### Task details
With the pictures left out, repeat every entry that follows exactly.

### Available records
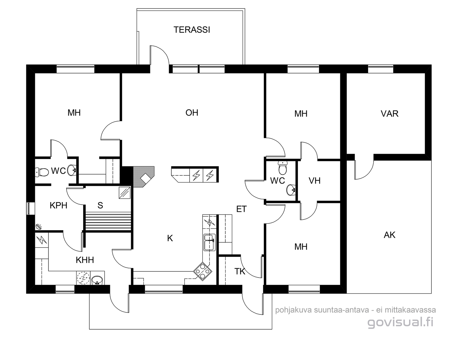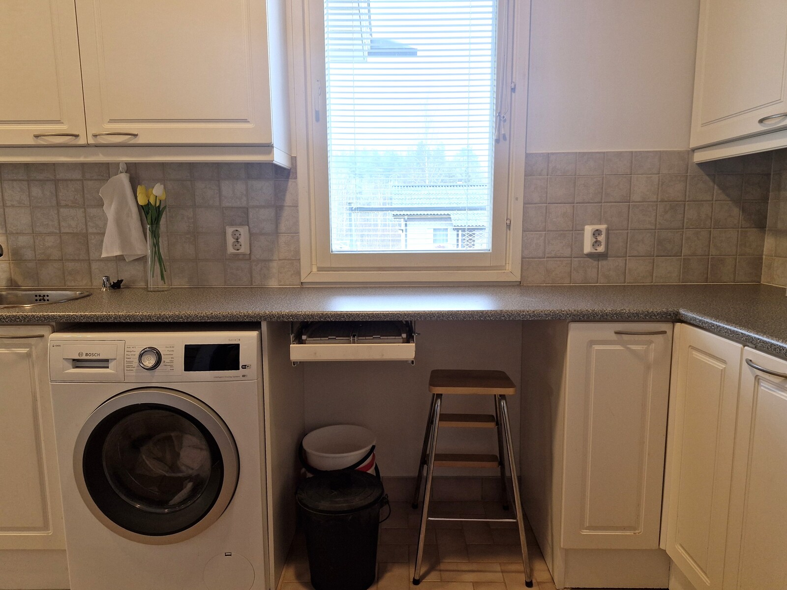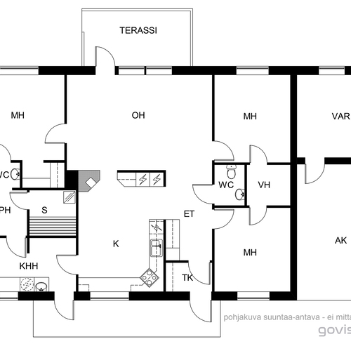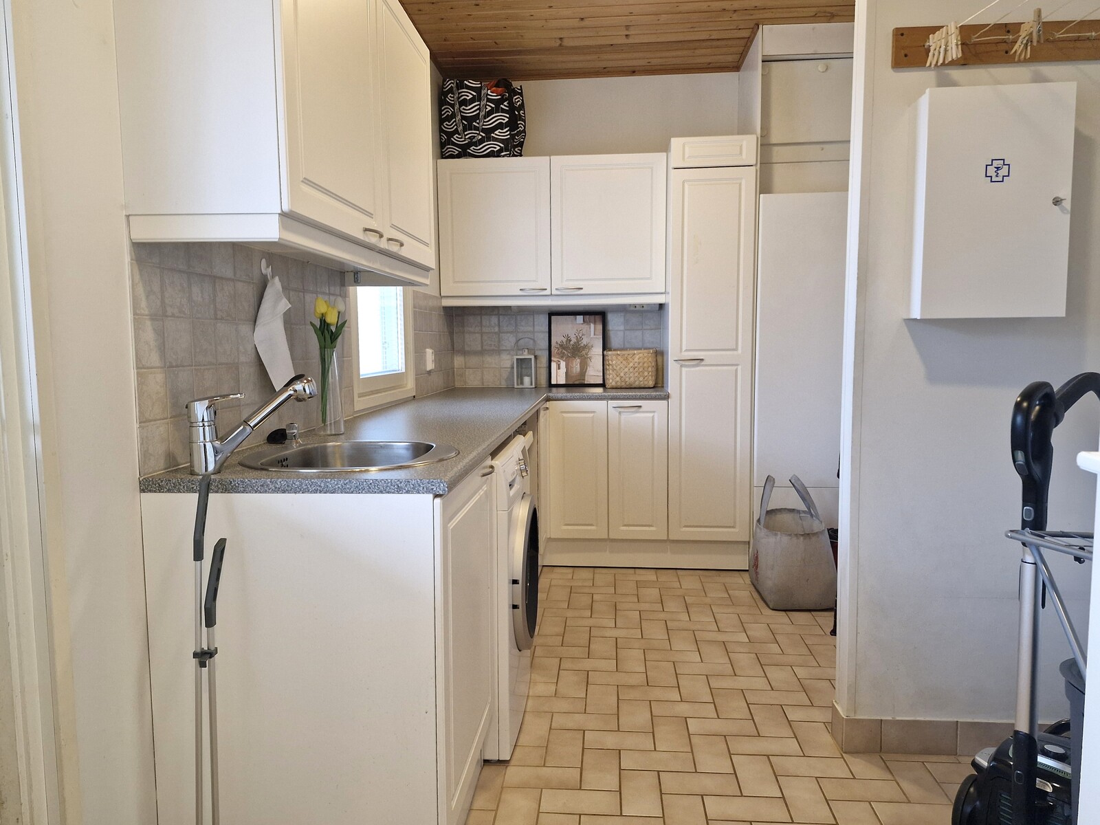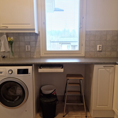 Varusteet: uloskäynti, lattiakaivo, silityspöytä/taso, pesuallas, pöytätaso, lattialämmitys, pesukoneliitäntä, keskuspölynimuri
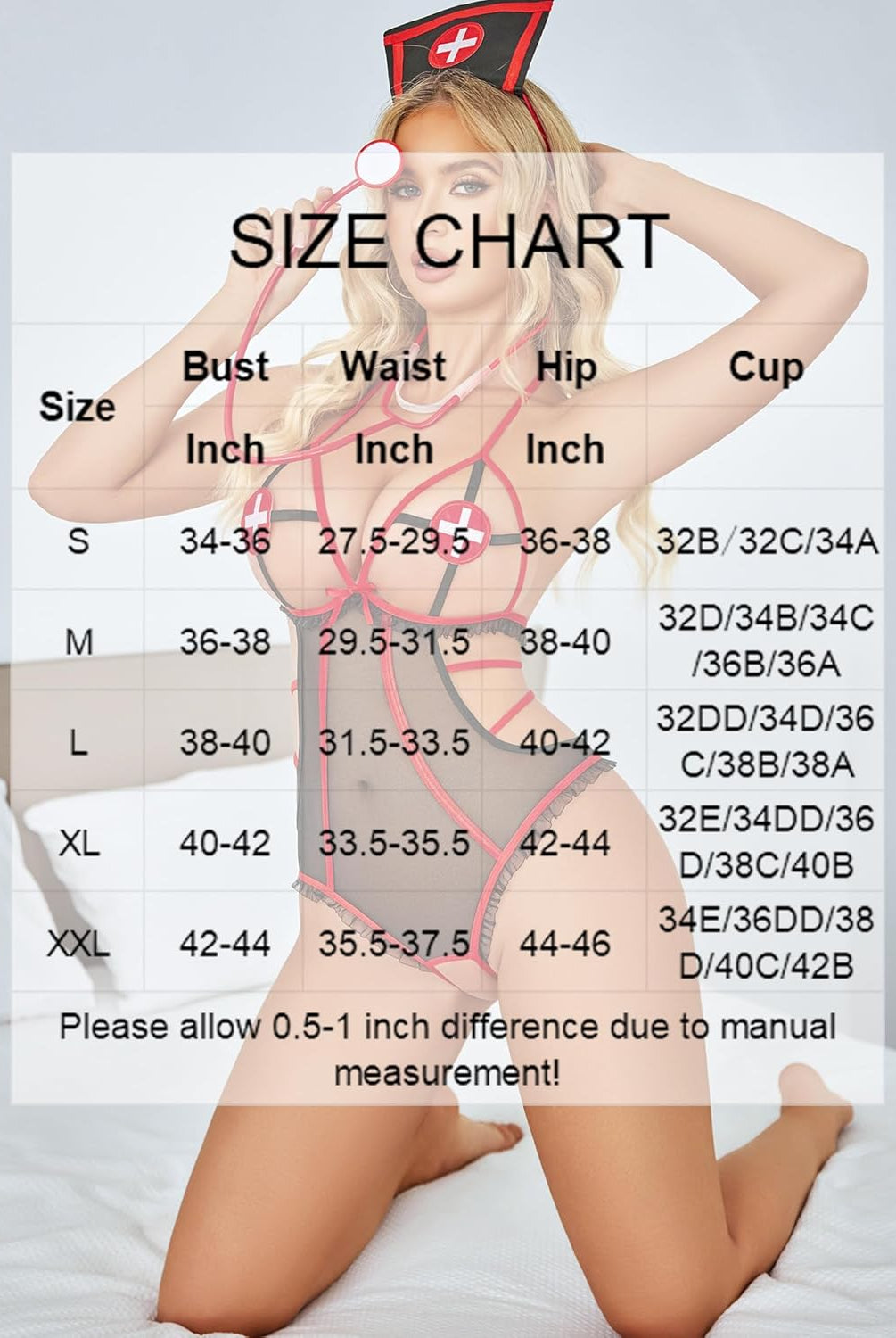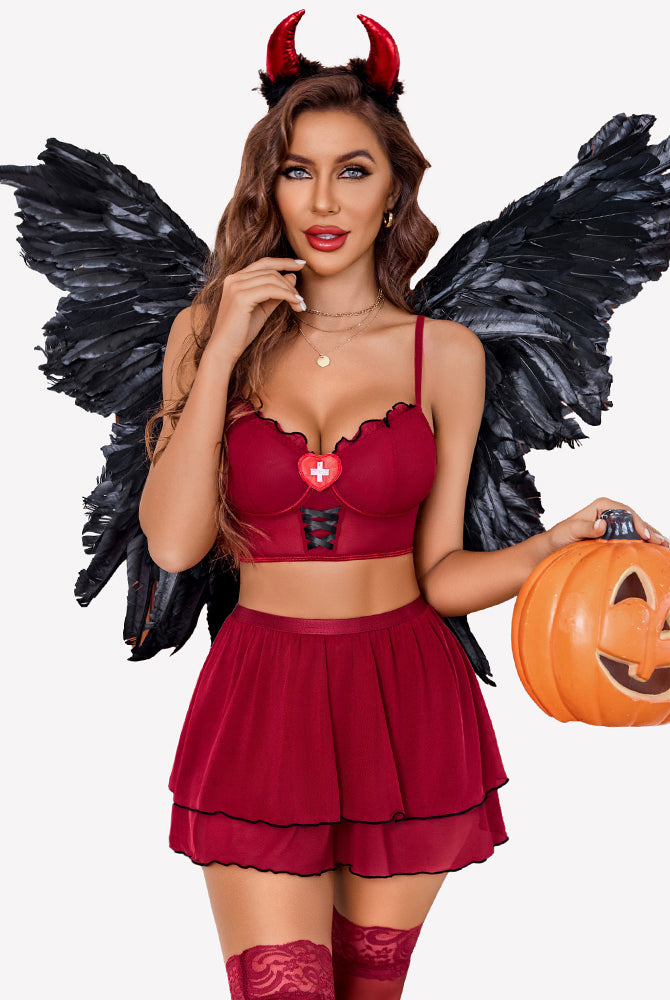 Red mesh lace roleplay nightwear with white lace trim, bow, and adjustable straps.
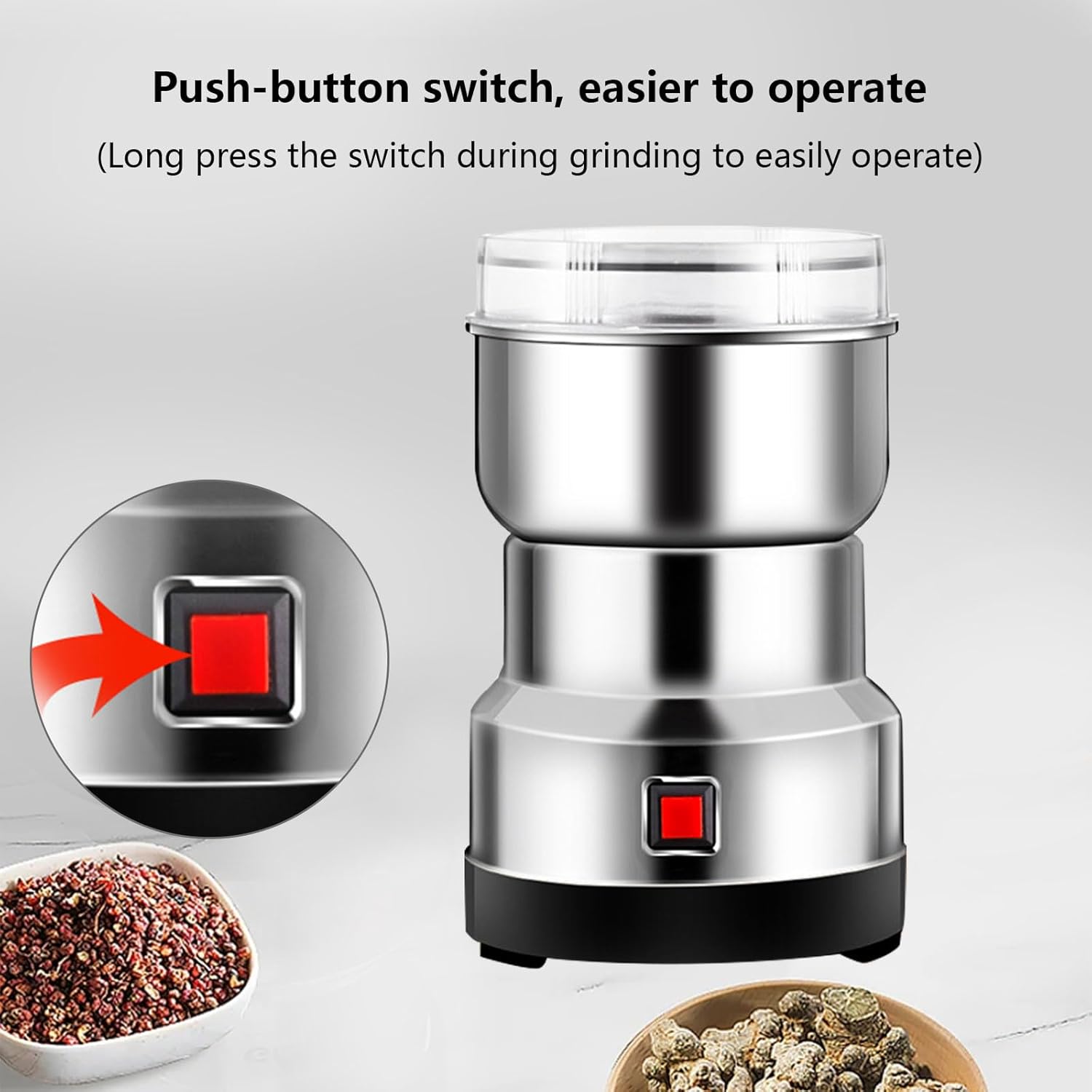 Specifications(about):Name: Coffee GrinderVoltage: AC110V/AC220VPower: 550WFrequency: 50HzMaterial: food-grade stainless steelSize: 170*105*105mm/6.69*4.13*4.13inPacking List: Electric Grain Grinder * 1Feature:1. Powerful electric coffee grinder. use a coffee grinder mainly for grinding herbs and spices. Was super efficient. Perfect product for what it does. This machine is very attractive, well constructed and compact as well as easy to use.2. This grinder is easier to clean than the old grinder, it is quick to grind, small in size, does not take up much space, and is easy to useNote: The product can only be wiped with a damp cloth, not washed with water. Please make sure the raw materials are dry before use. The more dry the materials, the better the grinding effect.
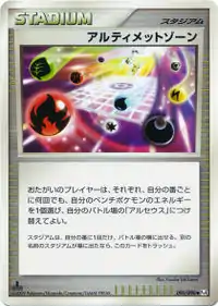 Ultimate Zone (Japanese: アルティメットゾーン Ultimate Zone) is a Stadium card. It was first released as part of the Arceus expansion.
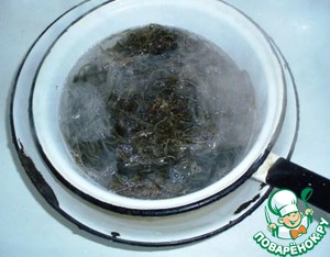 Сухую морскую капусту хорошо промыть под проточной водой и залить кипятком. Хорошо перемешать. Дать постоять 10-15 секунд.
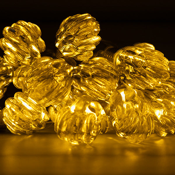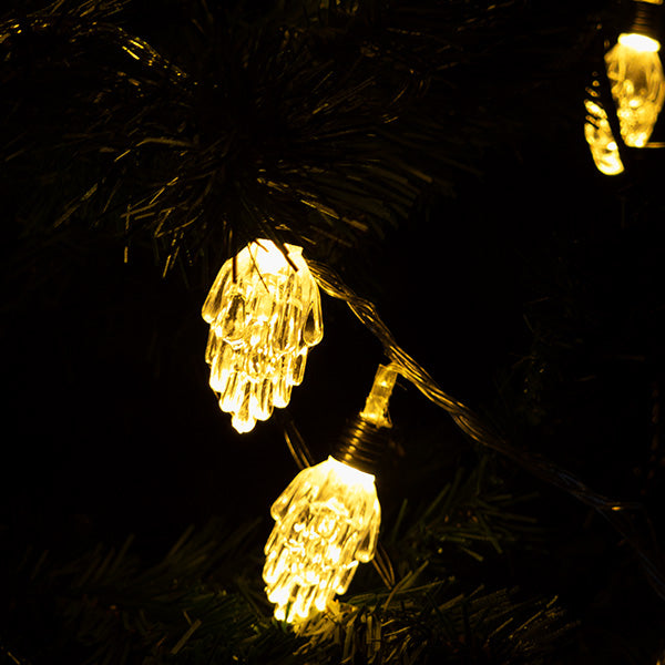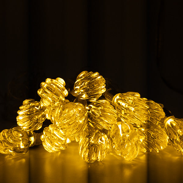 Instalația cu lumina alb cald, având model de conuri, lungime de 5 metri și 20 de beculețe, este o alegere excelentă pentru a adăuga o notă elegantă și festivă decorului tău.
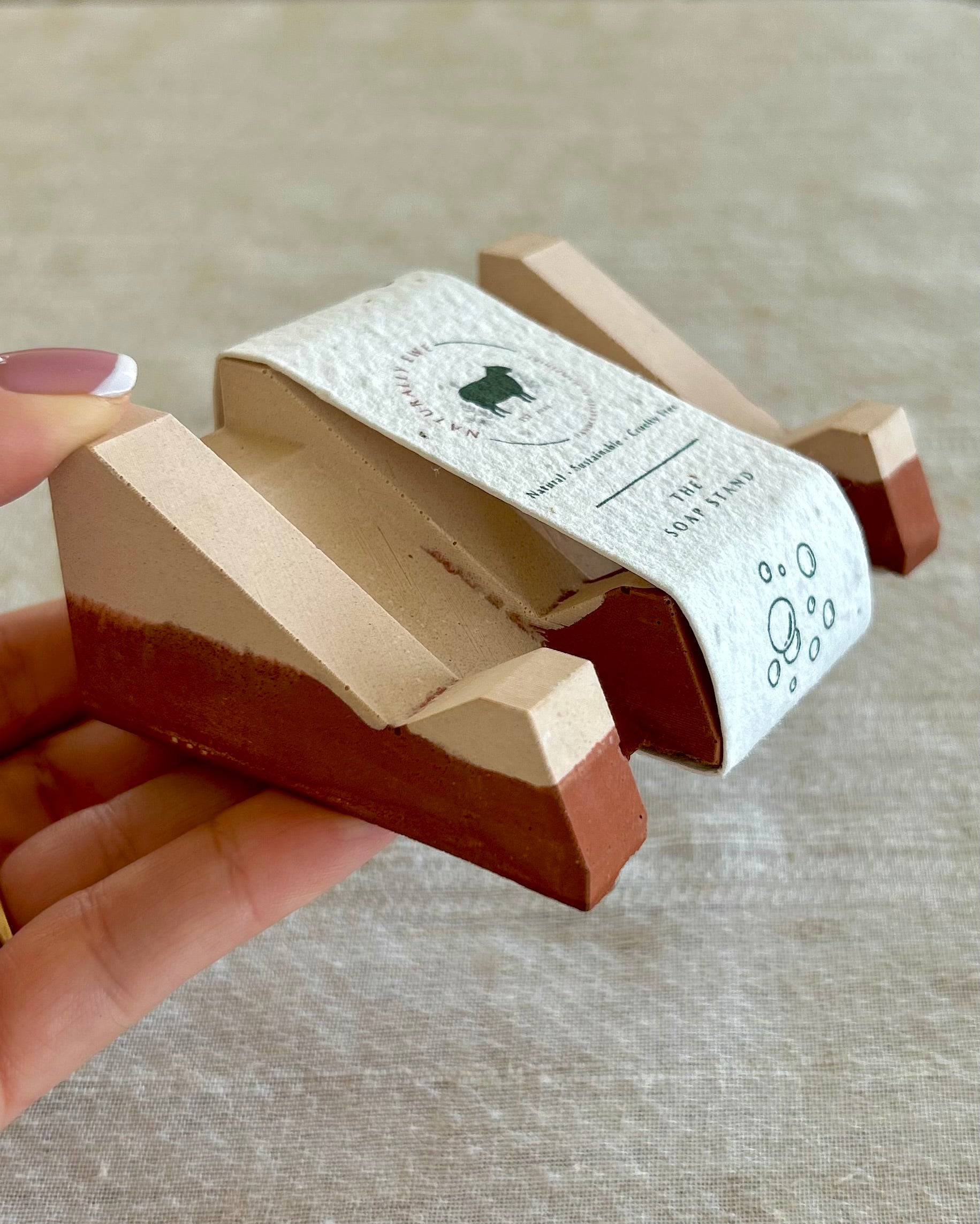This soap stand in colour Rust and Oat striped has some damage to each inner section of the base. It’s also been added to this collection due to the design being different from the other ranges. The stripe has been created using excess mixture from other batches - waste not want not!
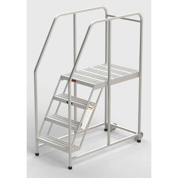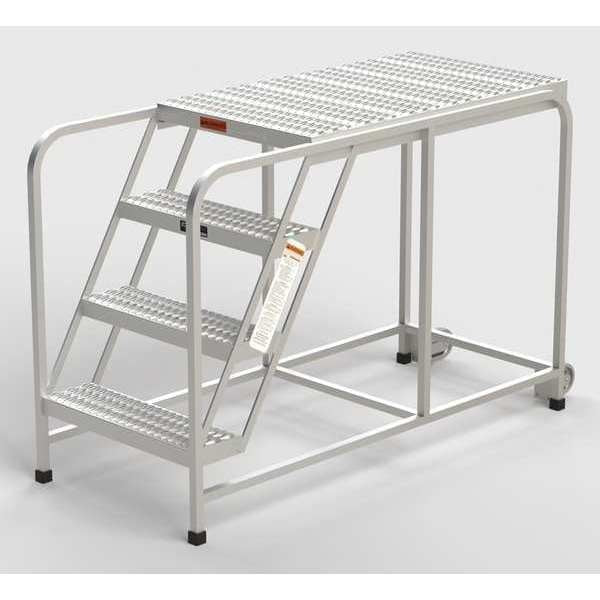 SKU G2122191Categories Antislip Tapes, Treads & Stair NosingsDescription Single Access Rolling Platform, Material Aluminum, Platform Style Single Access, Platform Height 40 in, Load Capacity 300 lb, Base Depth 66 in, Bottom Width 27 in, Platform Depth 42 in, Platform Width 24 in, Overall Height 3 ft 4 in, Number of Legs 4, Number of Steps 4, Step Width 24 in, Step Depth 7 in, Climbing Angle 60 Degrees , Step Tread Serrated, Color Silver, Finish Mill, Standards OSHA, Handrails Included No, Ladder Actuation Tilt and Roll$1,853.36 / eachWeb price

### Task response
 Varusteet: uloskäynti, lattiakaivo, silityspöytä/taso, pesuallas, pöytätaso, lattialämmitys, pesukoneliitäntä, keskuspölynimuri
 Red mesh lace roleplay nightwear with white lace trim, bow, and adjustable straps.
 Specifications(about):Name: Coffee GrinderVoltage: AC110V/AC220VPower: 550WFrequency: 50HzMaterial: food-grade stainless steelSize: 170*105*105mm/6.69*4.13*4.13inPacking List: Electric Grain Grinder * 1Feature:1. Powerful electric coffee grinder. use a coffee grinder mainly for grinding herbs and spices. Was super efficient. Perfect product for what it does. This machine is very attractive, well constructed and compact as well as easy to use.2. This grinder is easier to clean than the old grinder, it is quick to grind, small in size, does not take up much space, and is easy to useNote: The product can only be wiped with a damp cloth, not washed with water. Please make sure the raw materials are dry before use. The more dry the materials, the better the grinding effect.
 Ultimate Zone (Japanese: アルティメットゾーン Ultimate Zone) is a Stadium card. It was first released as part of the Arceus expansion.
 Сухую морскую капусту хорошо промыть под проточной водой и залить кипятком. Хорошо перемешать. Дать постоять 10-15 секунд.
 Instalația cu lumina alb cald, având model de conuri, lungime de 5 metri și 20 de beculețe, este o alegere excelentă pentru a adăuga o notă elegantă și festivă decorului tău.
This soap stand in colour Rust and Oat striped has some damage to each inner section of the base. It’s also been added to this collection due to the design being different from the other ranges. The stripe has been created using excess mixture from other batches - waste not want not!
 SKU G2122191Categories Antislip Tapes, Treads & Stair NosingsDescription Single Access Rolling Platform, Material Aluminum, Platform Style Single Access, Platform Height 40 in, Load Capacity 300 lb, Base Depth 66 in, Bottom Width 27 in, Platform Depth 42 in, Platform Width 24 in, Overall Height 3 ft 4 in, Number of Legs 4, Number of Steps 4, Step Width 24 in, Step Depth 7 in, Climbing Angle 60 Degrees , Step Tread Serrated, Color Silver, Finish Mill, Standards OSHA, Handrails Included No, Ladder Actuation Tilt and Roll$1,853.36 / eachWeb price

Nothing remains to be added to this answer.